Protocols for Secure Computations

Protocols for Secure Computations – Yao 1982.

Alice and Bob both work in retail, but for different retailers. Alice knows how much profit her company made on Black Friday, and Bob knows how much profit his company made. Alice bets Bob her company did better than his. Neither of them can disclose company confidential information to each other, or to a third-party. Can they figure out between them which company did better without revealing either company’s numbers?

This is a twist on the millionaires’ probem presented in the paper. A very zero-th world problem: two millionaires wish to know who is richer; however, they do not want to find out indavertently any additional information about each other’s wealth. How can they carry out such a conversation?

Yao shows that it is possible to solve this problem without either party divulging their secret to the other, and without relying on any trusted or untrusted third-parties. The solution can be generalised to m parties communicating. This paper marks the birth of a field of cryptography known as secure multi-party computation. From wikipedia:

In a multi-party computation (MPC), a given number of participants p1, p2, …, pN each have private data, respectively d1, d2, …, dN. Participants want to compute the value of a public function F on N variables at the point (d1, d2, …, dN). An MPC protocol is secure, if no participant can learn more from the description of the public function and the result of the global calculation than what he/she can learn from his/her own entry — under particular conditions depending on the model used.

The pdf reference at the top of this post (I hope you’ve noticed that the first thing in every blog posting is a link to the pdf of the paper under discussion…), is actually an extended abstract. This makes for a very readable summary.

A solution to the millionaires’ problem is given, which is an instance of a general approach developed in the full paper. It’s fun to follow along with pencil and paper to see how it works, but the important underlying idea is that you can collaboratively compute a function that depends on individual secrets known by each participant, without any party ever revealing their secret.

Let us say that Alice has i millions, and Bob has j millions. And the function we want to compute is for example

F(i,j) = 1, if i greater than or equal to j
       = 0, otherwise

To simplify things, we also assume that both Alice and Bob are worth between $1M and $10M. Let’s compute F:

  1. Bob chooses an N-bit random number, x. He encrypts x with Alice’s public key, Ea(x) yielding a result k.

  2. Bob takes the result k, substracts from it the number of millions he has (j), and adds 1. Bob sends this number (k – j + 1) to Alice.

  3. Alice takes the number n she has received from Bob, and for u in [1..10] she decrypts n-1+u to give an array of values, y.
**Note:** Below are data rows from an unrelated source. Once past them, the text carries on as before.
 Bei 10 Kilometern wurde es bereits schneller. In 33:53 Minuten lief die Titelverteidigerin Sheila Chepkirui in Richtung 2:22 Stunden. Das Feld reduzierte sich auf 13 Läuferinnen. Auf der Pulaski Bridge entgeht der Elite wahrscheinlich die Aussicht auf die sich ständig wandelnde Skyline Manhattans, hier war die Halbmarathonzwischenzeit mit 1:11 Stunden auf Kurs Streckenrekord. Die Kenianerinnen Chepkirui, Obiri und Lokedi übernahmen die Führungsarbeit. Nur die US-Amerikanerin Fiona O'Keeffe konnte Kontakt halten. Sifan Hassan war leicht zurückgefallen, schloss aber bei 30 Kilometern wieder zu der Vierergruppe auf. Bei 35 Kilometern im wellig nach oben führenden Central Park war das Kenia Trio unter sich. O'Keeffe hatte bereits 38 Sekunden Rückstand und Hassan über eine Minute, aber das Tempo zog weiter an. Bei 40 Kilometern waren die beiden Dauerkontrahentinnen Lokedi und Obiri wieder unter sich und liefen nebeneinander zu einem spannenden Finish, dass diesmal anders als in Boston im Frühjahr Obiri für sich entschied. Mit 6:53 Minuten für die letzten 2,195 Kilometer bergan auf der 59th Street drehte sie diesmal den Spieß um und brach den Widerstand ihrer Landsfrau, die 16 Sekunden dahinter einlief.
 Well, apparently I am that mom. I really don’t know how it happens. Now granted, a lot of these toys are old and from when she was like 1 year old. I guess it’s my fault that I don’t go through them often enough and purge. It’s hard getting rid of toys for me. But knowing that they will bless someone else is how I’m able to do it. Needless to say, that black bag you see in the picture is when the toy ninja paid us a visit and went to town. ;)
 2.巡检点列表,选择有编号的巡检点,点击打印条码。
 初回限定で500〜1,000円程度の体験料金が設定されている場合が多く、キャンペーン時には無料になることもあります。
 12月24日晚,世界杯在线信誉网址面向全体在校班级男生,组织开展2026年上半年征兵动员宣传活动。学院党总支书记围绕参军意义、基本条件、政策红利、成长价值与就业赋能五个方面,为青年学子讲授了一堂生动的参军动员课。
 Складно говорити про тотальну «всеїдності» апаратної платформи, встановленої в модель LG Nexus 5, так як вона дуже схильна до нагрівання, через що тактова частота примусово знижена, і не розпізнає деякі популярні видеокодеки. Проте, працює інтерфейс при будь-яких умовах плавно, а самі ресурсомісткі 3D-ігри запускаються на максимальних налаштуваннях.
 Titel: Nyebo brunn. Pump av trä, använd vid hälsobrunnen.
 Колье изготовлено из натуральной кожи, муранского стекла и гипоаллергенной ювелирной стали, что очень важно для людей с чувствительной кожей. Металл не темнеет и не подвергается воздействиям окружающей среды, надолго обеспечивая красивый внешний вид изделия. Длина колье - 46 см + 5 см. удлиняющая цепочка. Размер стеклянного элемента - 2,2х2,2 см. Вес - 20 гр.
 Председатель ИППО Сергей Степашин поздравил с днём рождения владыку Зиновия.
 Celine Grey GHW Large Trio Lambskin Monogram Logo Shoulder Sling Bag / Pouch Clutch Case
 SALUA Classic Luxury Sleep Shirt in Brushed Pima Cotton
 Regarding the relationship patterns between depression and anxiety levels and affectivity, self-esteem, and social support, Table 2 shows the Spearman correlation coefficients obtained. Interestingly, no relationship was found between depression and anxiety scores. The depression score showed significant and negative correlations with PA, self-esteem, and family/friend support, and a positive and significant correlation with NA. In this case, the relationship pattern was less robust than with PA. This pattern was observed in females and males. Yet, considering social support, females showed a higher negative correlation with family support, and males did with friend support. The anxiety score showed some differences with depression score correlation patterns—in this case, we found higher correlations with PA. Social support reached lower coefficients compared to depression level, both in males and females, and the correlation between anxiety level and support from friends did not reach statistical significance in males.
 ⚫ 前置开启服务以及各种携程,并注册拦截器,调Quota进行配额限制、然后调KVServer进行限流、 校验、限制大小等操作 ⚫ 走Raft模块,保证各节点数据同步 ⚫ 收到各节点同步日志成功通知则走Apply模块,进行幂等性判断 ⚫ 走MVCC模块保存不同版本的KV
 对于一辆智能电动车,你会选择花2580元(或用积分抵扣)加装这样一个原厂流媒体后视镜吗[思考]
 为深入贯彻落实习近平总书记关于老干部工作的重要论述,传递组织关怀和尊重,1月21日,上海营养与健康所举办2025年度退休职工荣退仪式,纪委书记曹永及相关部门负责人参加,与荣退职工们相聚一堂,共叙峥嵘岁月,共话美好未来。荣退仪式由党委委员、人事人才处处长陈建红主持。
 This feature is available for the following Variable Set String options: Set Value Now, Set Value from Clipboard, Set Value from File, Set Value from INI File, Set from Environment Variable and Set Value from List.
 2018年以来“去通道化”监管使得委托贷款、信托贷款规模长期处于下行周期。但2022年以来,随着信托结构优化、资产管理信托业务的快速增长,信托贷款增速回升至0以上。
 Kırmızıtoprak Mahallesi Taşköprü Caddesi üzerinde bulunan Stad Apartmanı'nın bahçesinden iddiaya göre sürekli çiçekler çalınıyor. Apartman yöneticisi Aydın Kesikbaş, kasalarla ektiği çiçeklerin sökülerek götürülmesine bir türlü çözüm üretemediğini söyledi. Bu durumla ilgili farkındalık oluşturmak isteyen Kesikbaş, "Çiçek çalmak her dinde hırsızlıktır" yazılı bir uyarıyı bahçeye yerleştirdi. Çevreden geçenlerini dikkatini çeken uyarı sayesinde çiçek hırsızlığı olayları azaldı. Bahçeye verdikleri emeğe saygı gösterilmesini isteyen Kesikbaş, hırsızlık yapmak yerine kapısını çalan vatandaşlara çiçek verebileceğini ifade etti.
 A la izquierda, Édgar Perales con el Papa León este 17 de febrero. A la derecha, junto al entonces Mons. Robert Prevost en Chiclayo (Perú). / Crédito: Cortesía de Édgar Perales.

Note that n = k-j+1, and we know that Bob has between $1 and $10M, so when u = j (the jth entry) the result of Alice’s decryption will be x. Alice of course has no idea which one of the y’s it is that equals x – since x is simply a random number chosen by Bob.

  4. Alice generates a random prime p with N/2 bits. For each y she computes y mod p and stores the result in an array z. The jth entry therefore has value x mod p.

  5. Alice sends Bob p. Alice then sends Bob z[1], z[2], … up to z[i]. (Indexing starts at 1 in this paper). Recall that i is the number of millions that Alice has. She then sends z[i]+1, z[i+1]+1, … up to z[10]+1.

  6. Bob computes x mod p, and looks at the jth z value sent by Alice. If this value equals x mod p then Bob knows that i >= j (Alice is worth at least as much as Bob). Otherwise Bob knows that i < j (Alice is worth less than Bob).

  7. Bob tells Alice the result (we trust Bob and Alice to tell each other the truth).

One may have noticed the possibility that some party may cheat in the process, by deviating from the agreed protocol. For example, Bob may lie to Alice in the final step and tell Alice the wrong conclusion. Is there a way of designing a protocol such that the chance of a successful cheating becomes vanishingly small, without revealing the values of i and j? We will show that this is possible…

By changing what the function F to be computed represents, it is possible to model a number of scenarios using secure multi-party computations. For example:

  • secret voting whereby a committee can reach a yes-no majority decision without anyone ever knowing the opinion of the other members

  • private querying of a database – let Alice’s function f(i,j) be a query of a database, and Bob’s function g(i,j) be a simple constant. If Bob is a database with state j, then Alice can learn the answer to her query without the database ever knowing what the query was!

Finally, given m parties collaborating, if any one of them is honest, then cheating and colluding by any combination of the others can be detected:

We will show that even the most severe constraint can be met in the following sense: No matter how many participants may collude, any cheating act will be detected and identified by all the honest parties (even if as many as m−1 dishonest guys try to help cover up).

After this paper was published, secure multi-party computation was known to be possible. But it took a long time and many developments before it was made practical.

As an aside, the author of this paper, Yao, won the first ever Knuth prize in 1996 for his fundamental research into computational complexity.